Matsushita Masayuki

松下雅征

株式会社サイルビジネス学院 代表取締役 https://sairu.school/

略歴

1993年生まれ。東京都の公立中学校卒業。早稲田実業学校高等部を首席卒業。米国留学後、早稲田大学政治経済学部を卒業。やりたいことではなく偏差値で進路を選び後悔した経験から、大学在学中に受験相談サービスを立ち上げ。中高生からの相談数は7万件以上。新卒で教育系上場企業に入社。マーケティング部門立ち上げを担当。2020年、コンサルティング会社の才流に入社。新規事業開発を担当。
2022年、同社の子会社として株式会社サイルビジネス学院を設立し、代表取締役に就任。ゼロから起業を学びながら高校卒業できる通信制オンラインスクール「サイル学院高等部」を創立。一人ひとりが自分にあった進路を選べる社会を目指して、学院長として学校経営に従事。著書「マンガと図解でわかる!13歳からの進路相談」(すばる舎)。1児の父。

現在の仕事についた経緯

私は2022年4月、一人ひとりが自分にあった進路を選べる社会を目指して「サイル学院高等部」を創立しました。創立の背景には、自分のやりたいことではなく、偏差値で進路を選び後悔した経験があります。
小学生のとき「何で勉強しなくちゃいけないんだろう」と思っていました。中学生になると幸いにも自分なりの勉強方法が見つかって成績は上がった。でも、楽しいと思ったことはなかった。大学進学後、これまでの時間を振り返ってみると、学校のテスト勉強に使っていた時間は長いのに、正直内容は覚えていない。一方、自分が学びたいと思って学んだことは今でも覚えている。好奇心から生まれる学びじゃないと、自分の中に残らない。せっかく学んだのに、自分の中に残らないのはもったいないと感じた経験が、本校を創立した理由の1つです。

仕事へのこだわり

相手と自分の解像度を高めることを心掛けています。相手に応えるだけでは御用聞きになる。自分を押し付けるだけでは、ただのわがままになる。相手と自分の重なりを見出すことで、いい仕事が生まれると考えているからです。そして解像度を高めるためには、深さ、広さ、構造、の3要素を知ることが必要です。
深さを知るためには、なぜ?を突き詰めることが必要です。例えば相手が「〇〇がほしい」と言ったことに対して、「それはなぜか?」を繰り返し問い、表層の言動ではなく深層の想いを理解することです。
広さを知るためには、異なる切り口を検討することが必要です。例えば相手が「(Aという状況で)〇〇がほしい」と言ったことに対して、「Aではなく、Bの状況ならほしいですか?」のように、特定の観点ではなく複数の観点で理解することです。
構造を知るためには、時間を意識することが必要です。
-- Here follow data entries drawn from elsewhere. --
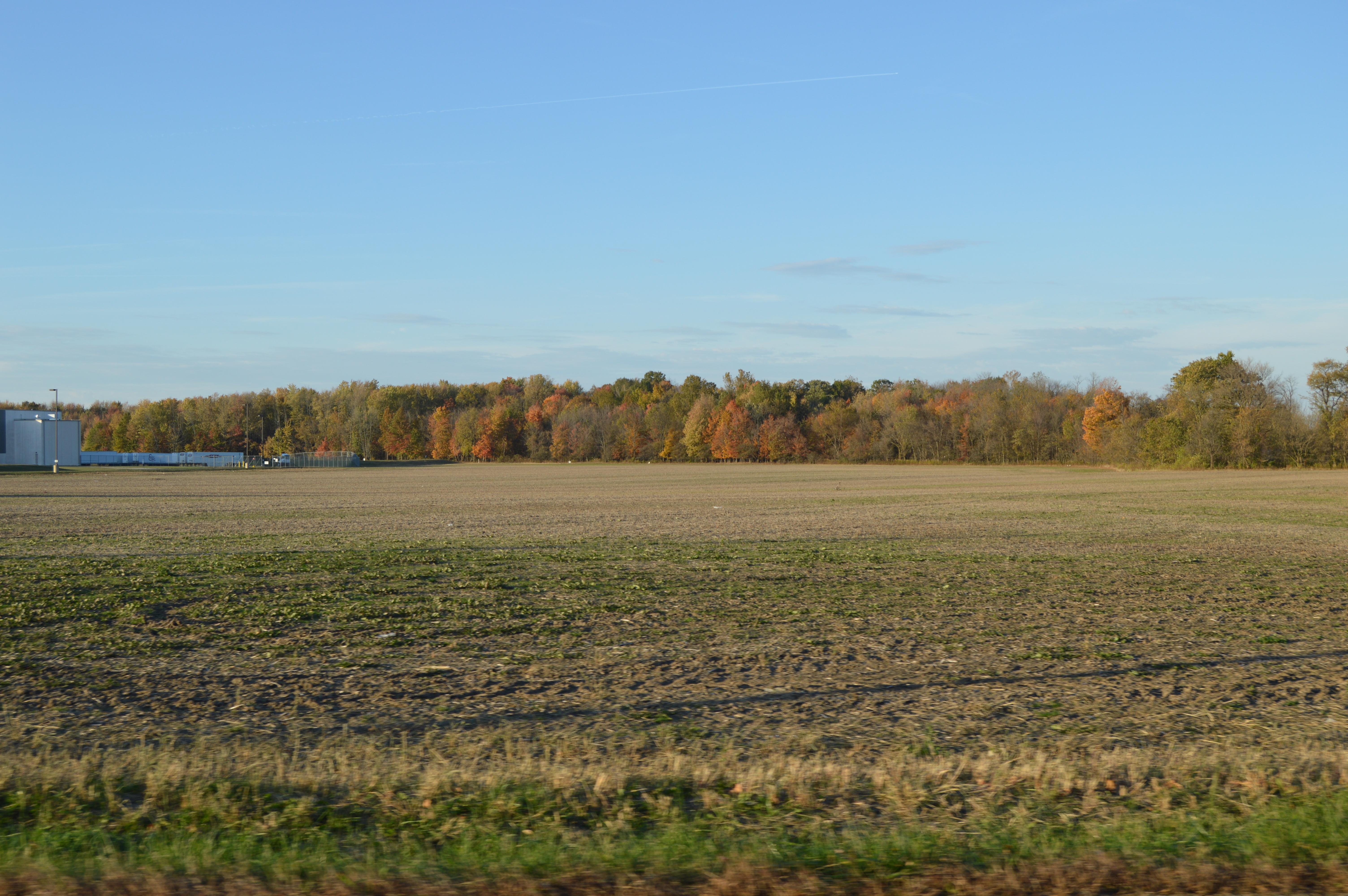 Fields southeast of Sharon in western Jackson Township, Richland County, Ohio, United States, seen looking north from Taylortown Road just east of the State Route 39 intersection.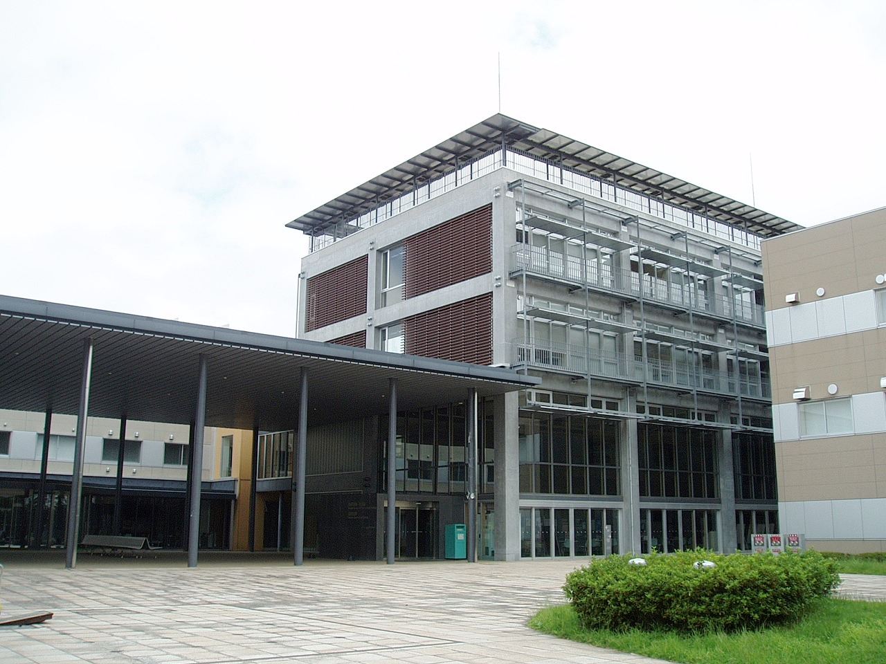 Research buildings at Taihaku Campus, Miyagi University, located in Taihaku-ku, Sendai, Miyagi, Japan.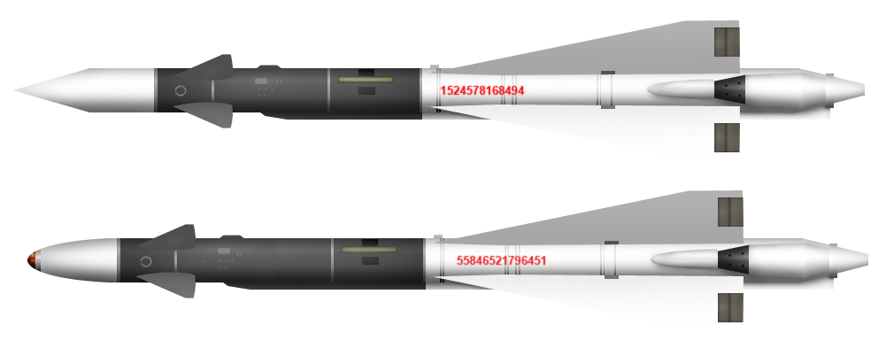 Molnya-Vympel R-40 (AA-6 Acrid) air to air missile scheme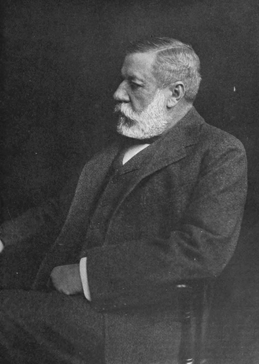 Charles Sprague Sargent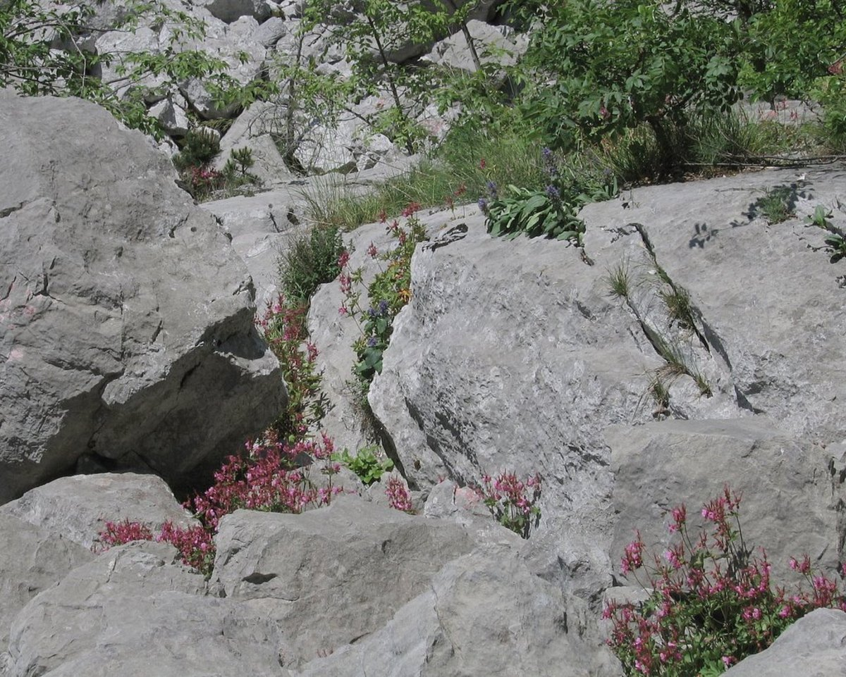 Korenikasta krvomočnica na južnem pobočju Gore nad Ajdovščino.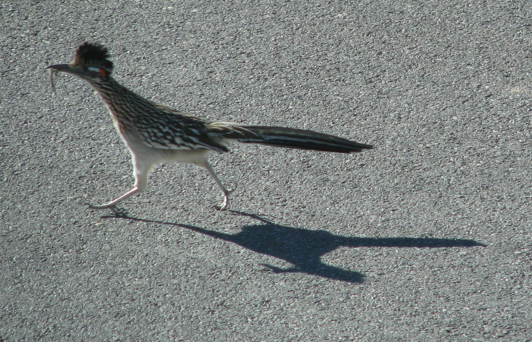 Geococcyx californianus (greater roadrunner) running in Beatty, NV (on the Motel 6 parking lot).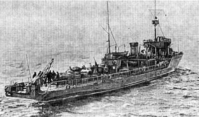 The Soviet project 53 base minesweeper T-1 Strela.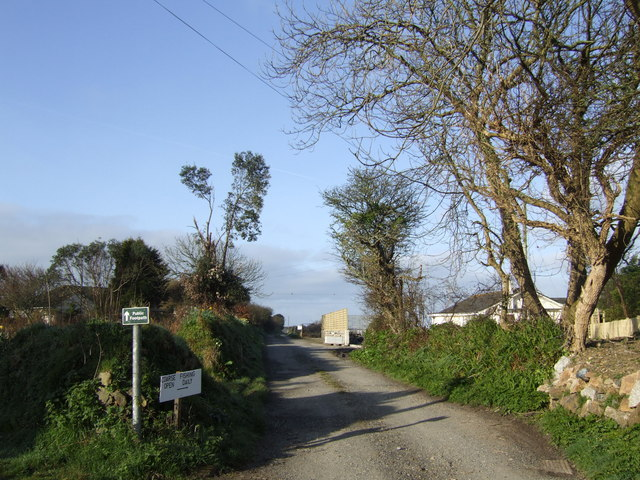 Road to Tregear The farm road also takes the footpath from Garras to Tregear and on westwards to Little Polwyn.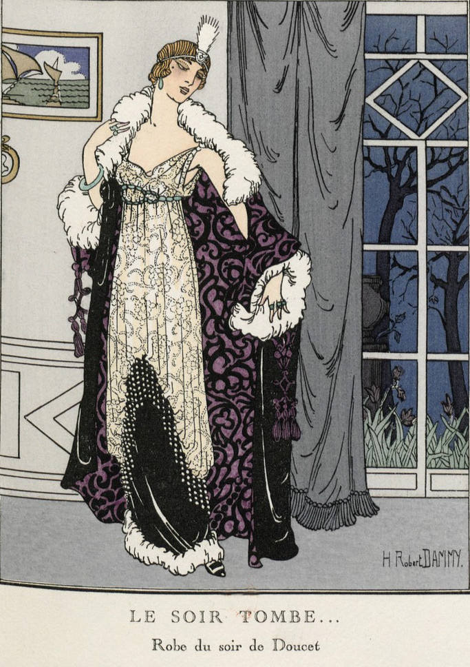 Fashion plate illustrating a dress by Jacques Doucet Title: "Le Soir Tombe"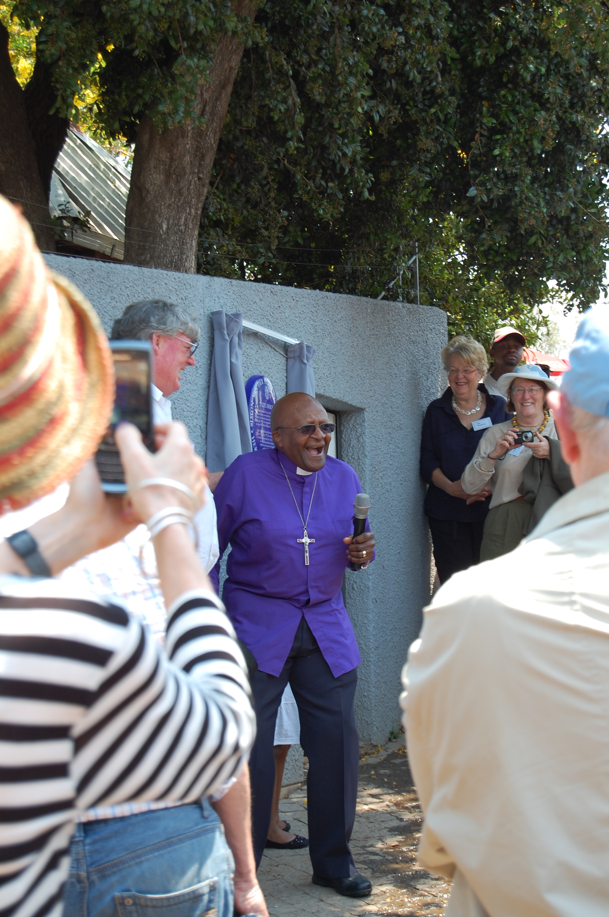 At the unveiling of plaque by Archbishop Desmond Tutu at his residence in Vilakazi Street.

例えば相手が「〇〇がほしい」と言ったことに対して、「いつからほしいと感じるのか?」「〇〇の前や後にほしいものは何か?」のように、物事を点ではなく線で理解することです。
自分自身の仕事を振り返っても、上手く行かなかったときは、解像度が低いまま仕事を進めたとき。深さ、広さ、構造、いずれかの把握が欠けていたときだと思います。特に、新人時代は自分の解像度ばかりを高めて、相手の解像度が低いことが原因で失敗した経験が多々あります。仕事は相手がいてこそ成立するもの。自分に対する解像度は仕事を重ねていくうちに勝手に高まる部分もあるので、今はまず、相手の解像度を高めることを心掛けています。

若者へのメッセージ

誰かに必要な学歴や資格は、あなたには必要ないかもしれません。ないよりあった方がいいことは、世の中にたくさんあります。ですが、あなたにとって必要かどうかは、進路やキャリアの選択において何を大切にしたいか、というあなた自身の進路選びの軸次第です。
進路選びの軸は、机上の勉強では見つかりません。とりあえず何かやってみる。挑戦する必要があります。
挑戦すれば、必ず失敗します。失敗は怖いです。ですが、私はある時から、失敗してもいいんだ、と思えるようになりました。考えが変わったきっかけは、「人生においては、打率よりも打数を上げることに価値がある」という考え方を知ったことです。要するに、4回打席に立って4本のヒットを打つより、100回打席に立って、80回アウトでも、20本のヒットを打つ方が価値があるということです。

失敗するのは怖いですが、あなたの失敗は誰も気にしていないことがほとんどです。人は自分に最も興味があるので、自分の失敗は気になりますが、他人の失敗はほとんど見ていません。「1年前、まわりの誰かが失敗したことを3つ思い出してください」と言われても、ぱっと出てくる人は少ないのではないでしょうか。他人の失敗に関する興味なんて、その程度。ですから、何回失敗しても大丈夫です。まわりと違うことを気にせず、まずは一歩、自分なりの挑戦を始めてみませんか。